US Treasury Sanctions Financier Linked to Iran’s Supreme Leader, Shadow Currency Networks

By Kimberly Hayek
Kimberly Hayek
Kimberly Hayek
Kimberly Hayek is a reporter for The Epoch Times. She covers California news and has worked as an editor and on scene at the U.S.-Mexico border during the 2018 migrant caravan crisis.
July 10, 2026Updated: July 10, 2026

The Treasury Department on Thursday designated a key financier for Iranian leader Mojtaba Khamenei and several Iranian shadow exchange houses along with their operators and front companies.

The Office of Foreign Assets Control imposed the measures under executive orders targeting Iran’s financial sector and the Supreme Leader’s network. The designations block all property and interests in property of the named parties that are in the United States or come under the control of Americans, who are prohibited from dealings with them.

Among those sanctioned are Dubai-based Iranian national Ali Ansari, for allegedly materially assisting Khamenei. It also designated Ansari’s Saint Kitts and Nevis-based holding company, Smart Global Limited.

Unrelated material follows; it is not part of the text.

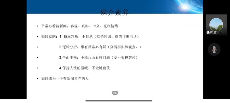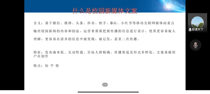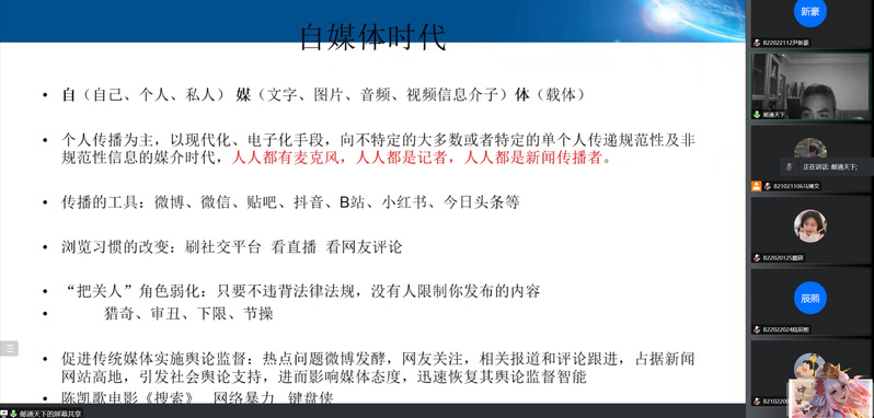 为加强同学们对自媒体时代的了解,明晰自媒体时代给我们带来的机遇与危机。11月14日晚,由黄色漫画 承办的菁英人才学校第140期第二次授课顺利开展,本次授课的主题是“自媒体与意识形态,及新闻稿的撰写”,由宣传部、信息中心新媒体中心主任饶清强老师担任主讲人,菁英人才学校全体同学于线上参会。
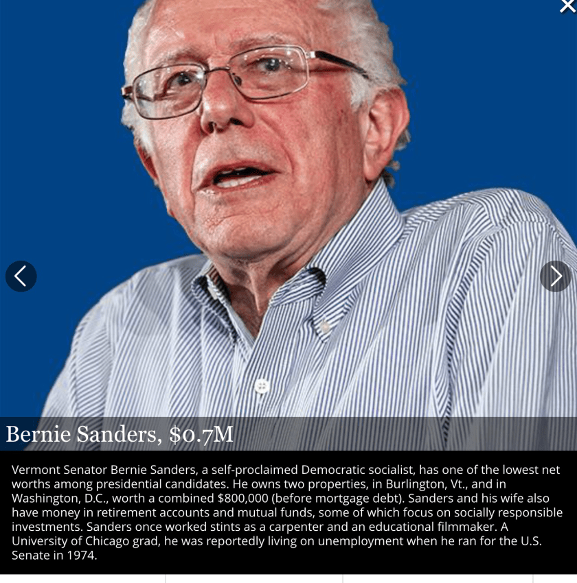 Net worth you say, one is age 74 and has virtually no savings beyond some home equity and the other looks like a spendthrift. Those numbers are their estimated net worth calculated by Forbes (others report Sanders net worth at closer to $400,000.)

Several Iranian general partnership exchange houses and their controlling partners faced sanctions for operating in Iran’s financial sector. Those companies include Mohammad Darbani and Partners Exchange General Partnership Company, Lavasani and Partners General Partnership Company, and Mohsen Khandan, and Partners General Partnership Company.

Their controlling partners—including Mohammad Darbani, Shokufeh Rostam Abadi, Zahra Sarshari, Ahmad Navai Lavasani, Amir Navai Lavasani, Mohsen Khandan, and Ali Asghar Khandan—were also designated.

Two front companies, CDM Trading Limited in Hong Kong and Naba Alzaki Raw Materials Trading LLC in the United Arab Emirates, were also included.

According to the Treasury, the companies hold tens to hundreds of millions of dollars in foreign currency for sanctioned Iranian banks and facilitate payments through cover companies. Ansari’s network allegedly diverted public funds into overseas real estate and commercial holdings in multiple countries to benefit regime officials and the Islamic Revolutionary Guard Corps.

“The so-called Supreme Leader is hiding in seclusion while his regime crumbles,” Treasury Secretary Scott Bessent said in a statement. “Treasury will continue using every tool at its disposal to isolate him and other regime elites from the global financial system. We will preserve these assets for the Iranian people.”

The sanctions come after earlier sanctions by the Treasury against Iranian shadow banking and currency exchange networks.

This latest round of financial pressure follows Iran’s attacks on commercial vessels in the Strait of Hormuz earlier this week. Multiple oil tankers were struck by projectiles in the vital waterway, according to the UK Maritime Trade Organization.

In response, the United States revoked a license that had allowed Iran to produce, sell, and deliver oil. The Treasury’s Office of Foreign Assets Control withdrew General License X, which had been issued under a mid-June memorandum of understanding. The license had been set to run through Aug. 21 and carried performance-based conditions tied to Iranian behavior.

Iran has long relied on domestic currency exchange houses to move foreign currency for its sanctioned banks. These family-run general partnerships often use layers of shell companies to conceal transactions involving billions of dollars annually on behalf of banks such as Bank Melli, Bank Saderat, and others already under U.S. sanctions.